* Directions for this task *
Each record below should be reproduced as it is written, with pictures left out entirely.

[Items listed in a dataset]
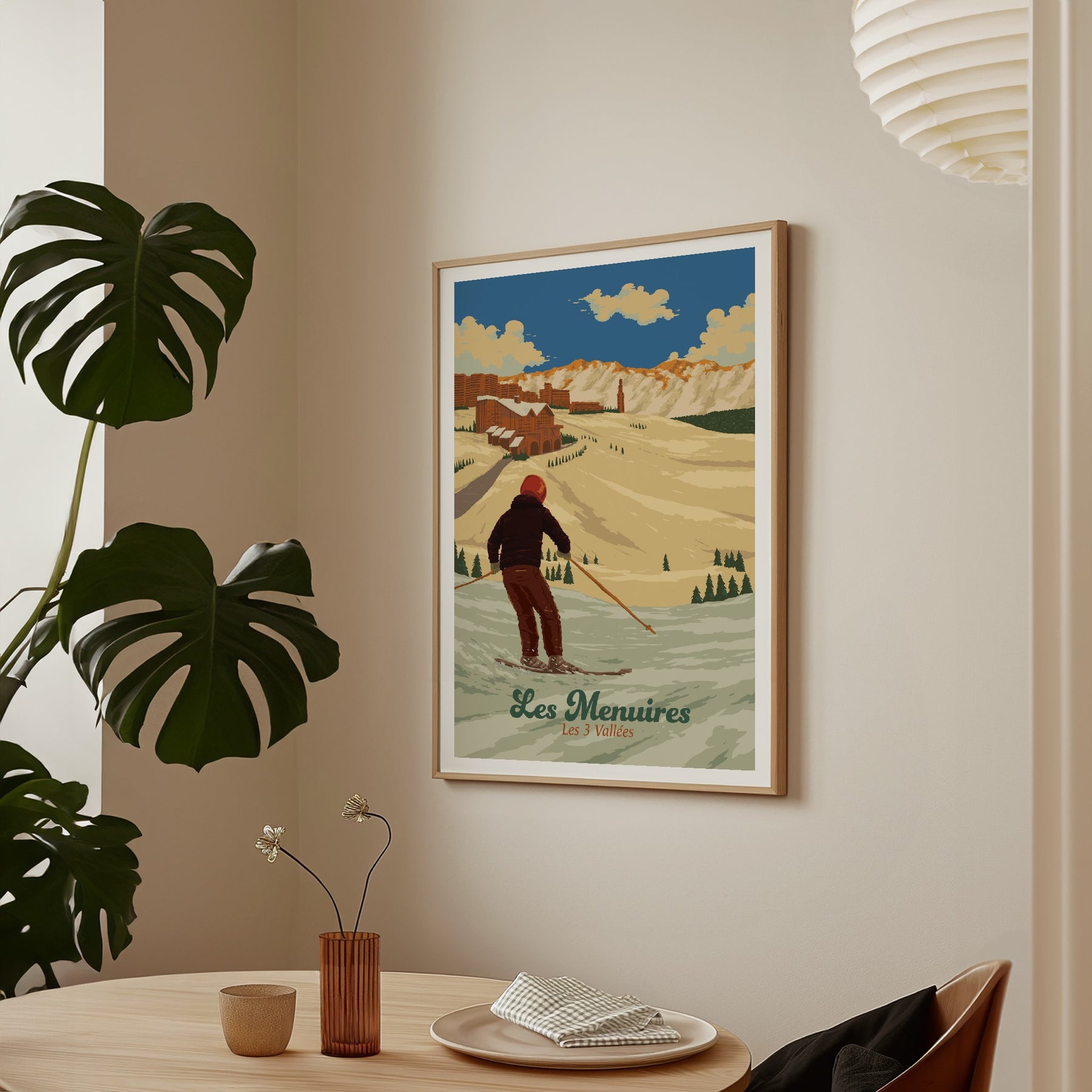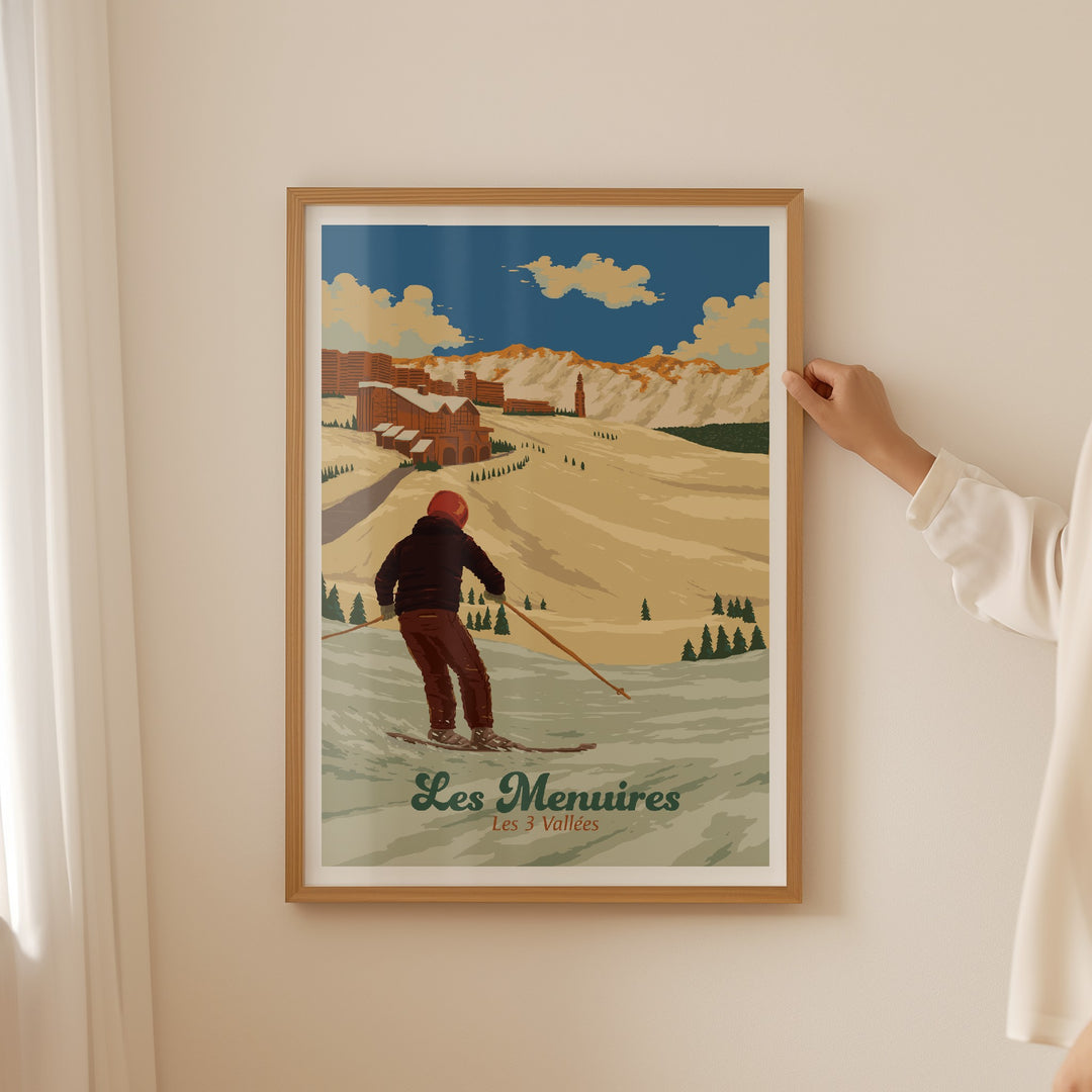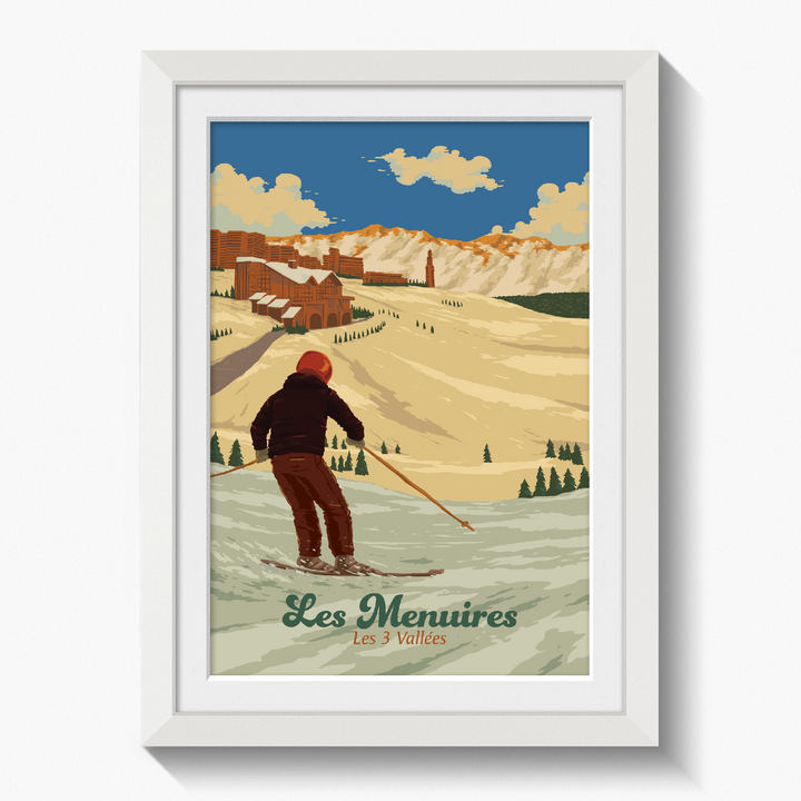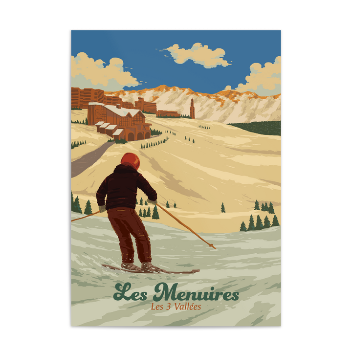 This is an original travel poster featuring the French ski resort of Les Menuires in the Trois Vallees area of the French Alps.
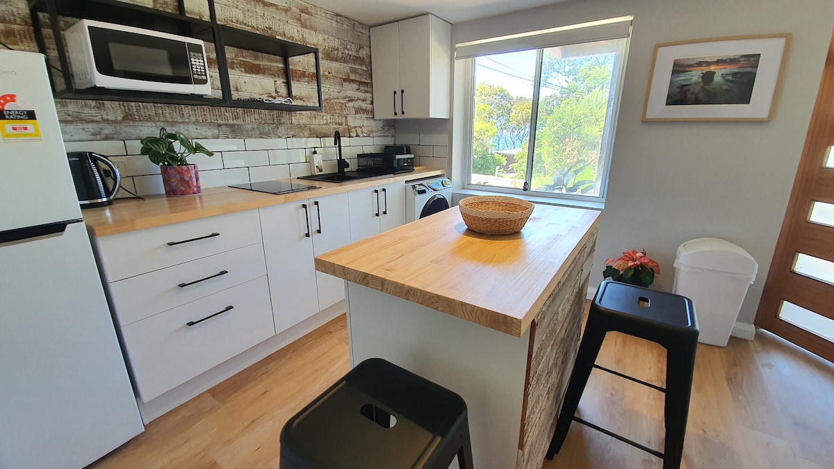 A private, self contained studio for 2 close to Sunshine Cove. The studio is open plan with outdoor seating. There is a small kitchenette with a microwave/ kettle/toaster, fridge an electric wok, air fryer and a single portable induction cook top. Outside BBQ. Unlimited internet. Pool available during the summer months and tennis court open all year round. Close to Beaches and Cafes around the Batemans Bay area.
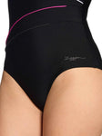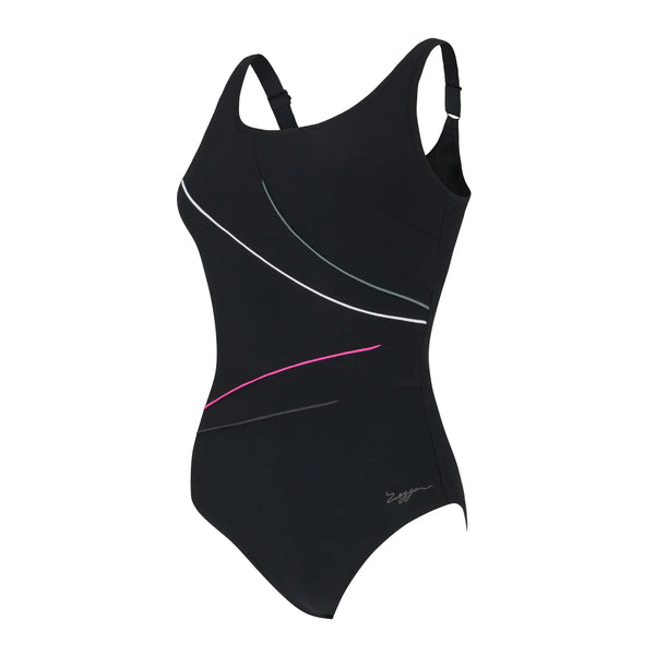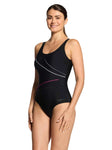 One of Zoggs first swimsuits, this is a classic style! The Black Macmaster Scoopback is designed to flatter with colourful asymmetric piping, and provides superior support with power mesh tummy control.
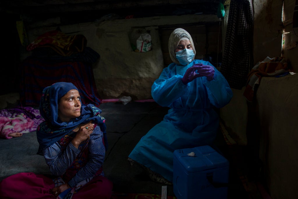 In 2021, a glimmer of hope arrived with COVID-19 vaccines. Overcoming fears about them was almost as hard as the trek to get the doses out. A healthcare worker dedicated to vaccinating shepherds and nomadic herders in Indian-controlled Kashmir succeeds in vaccinating a woman inside a hut. Virtual reality goggles distract an 8-year-old boy in Israel as he gets the jab, which was finally approved for children ages 5-11.
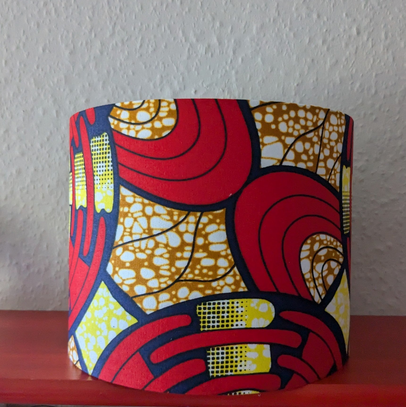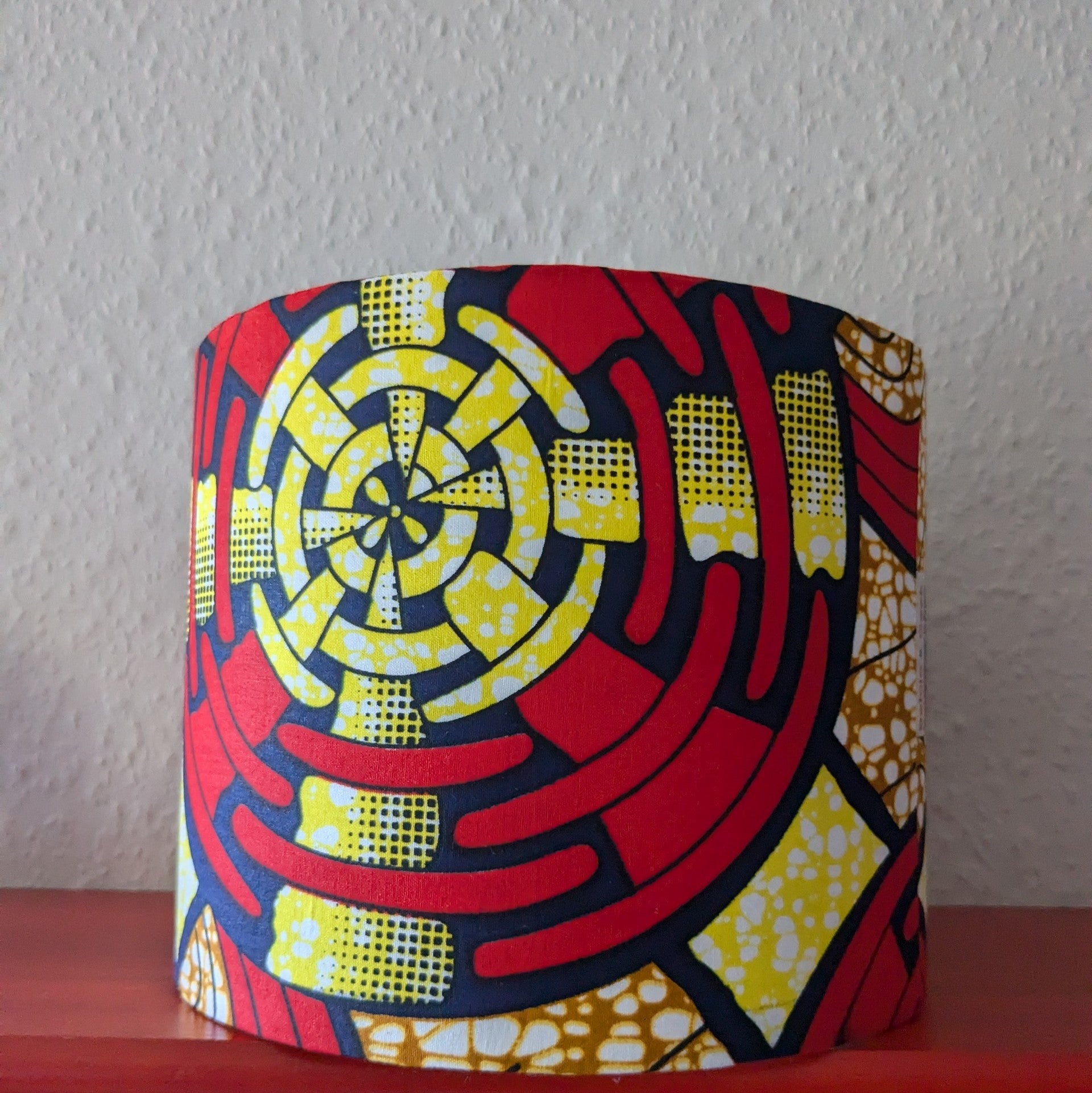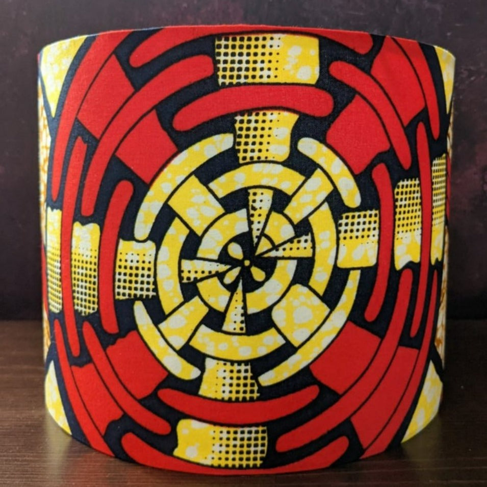 A bold patterned vibrant handmade lampshade in a red yellow African wax print fabric.
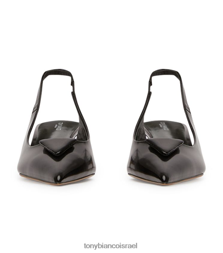 מקרין קסם וינטג' זה העקב הנמוך והנמוך הזה כולל אצבע מחודדת אלגנטית ומוארכת ופרטי לוח משולשים. העיצוב המינימליסטי של קימי יוצר צללית קלאסית. עשוי עם עור היי זוהר השחור הייחודי שלנו לסגנון ותחכום אולטימטיביים.
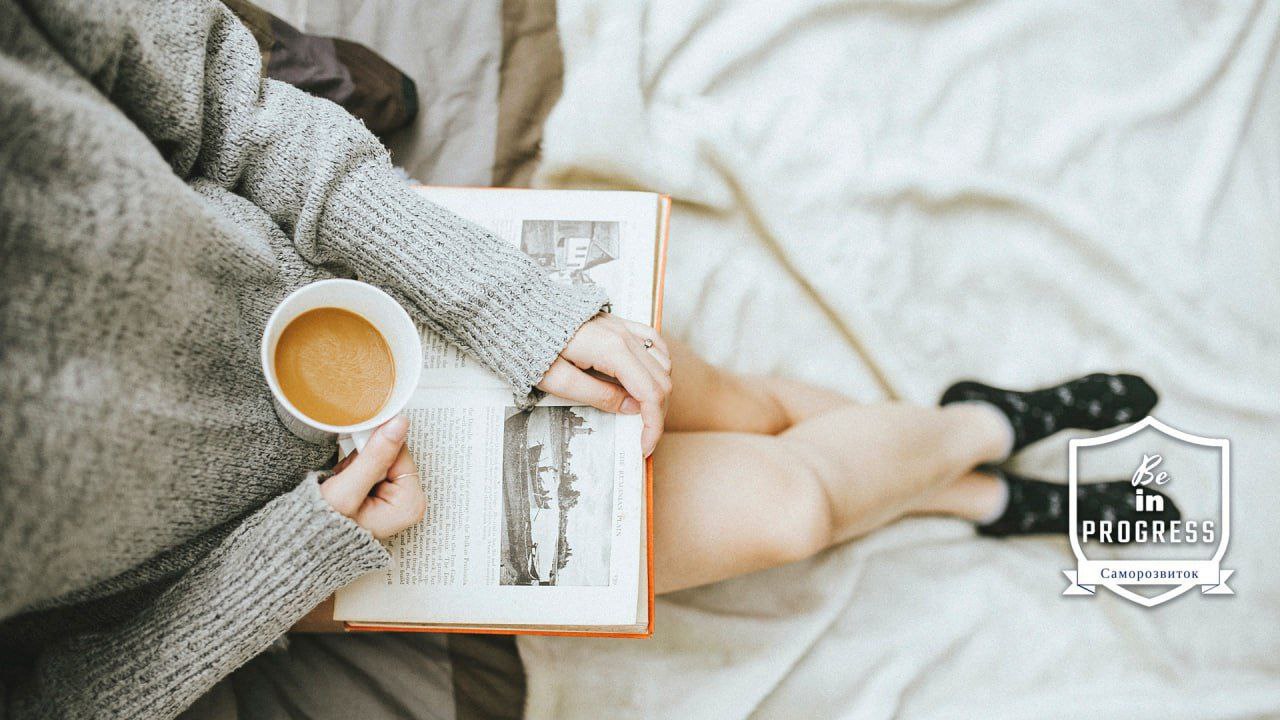 5. Читання. Для постійного розвитку потрібно читати. Читання — це нові знання та відкриття. Читання зранку — це порція натхнення завдяки цим відкриттям, і воно задає настрій всьому дню. Скільки читати? Хоча б 5-10 сторінок щодня.

* Answer for this exercise *
 This is an original travel poster featuring the French ski resort of Les Menuires in the Trois Vallees area of the French Alps.
 A private, self contained studio for 2 close to Sunshine Cove. The studio is open plan with outdoor seating. There is a small kitchenette with a microwave/ kettle/toaster, fridge an electric wok, air fryer and a single portable induction cook top. Outside BBQ. Unlimited internet. Pool available during the summer months and tennis court open all year round. Close to Beaches and Cafes around the Batemans Bay area.
 One of Zoggs first swimsuits, this is a classic style! The Black Macmaster Scoopback is designed to flatter with colourful asymmetric piping, and provides superior support with power mesh tummy control.
 In 2021, a glimmer of hope arrived with COVID-19 vaccines. Overcoming fears about them was almost as hard as the trek to get the doses out. A healthcare worker dedicated to vaccinating shepherds and nomadic herders in Indian-controlled Kashmir succeeds in vaccinating a woman inside a hut. Virtual reality goggles distract an 8-year-old boy in Israel as he gets the jab, which was finally approved for children ages 5-11.
 A bold patterned vibrant handmade lampshade in a red yellow African wax print fabric.
 מקרין קסם וינטג' זה העקב הנמוך והנמוך הזה כולל אצבע מחודדת אלגנטית ומוארכת ופרטי לוח משולשים. העיצוב המינימליסטי של קימי יוצר צללית קלאסית. עשוי עם עור היי זוהר השחור הייחודי שלנו לסגנון ותחכום אולטימטיביים.
 5. Читання. Для постійного розвитку потрібно читати. Читання — це нові знання та відкриття. Читання зранку — це порція натхнення завдяки цим відкриттям, і воно задає настрій всьому дню. Скільки читати? Хоча б 5-10 сторінок щодня.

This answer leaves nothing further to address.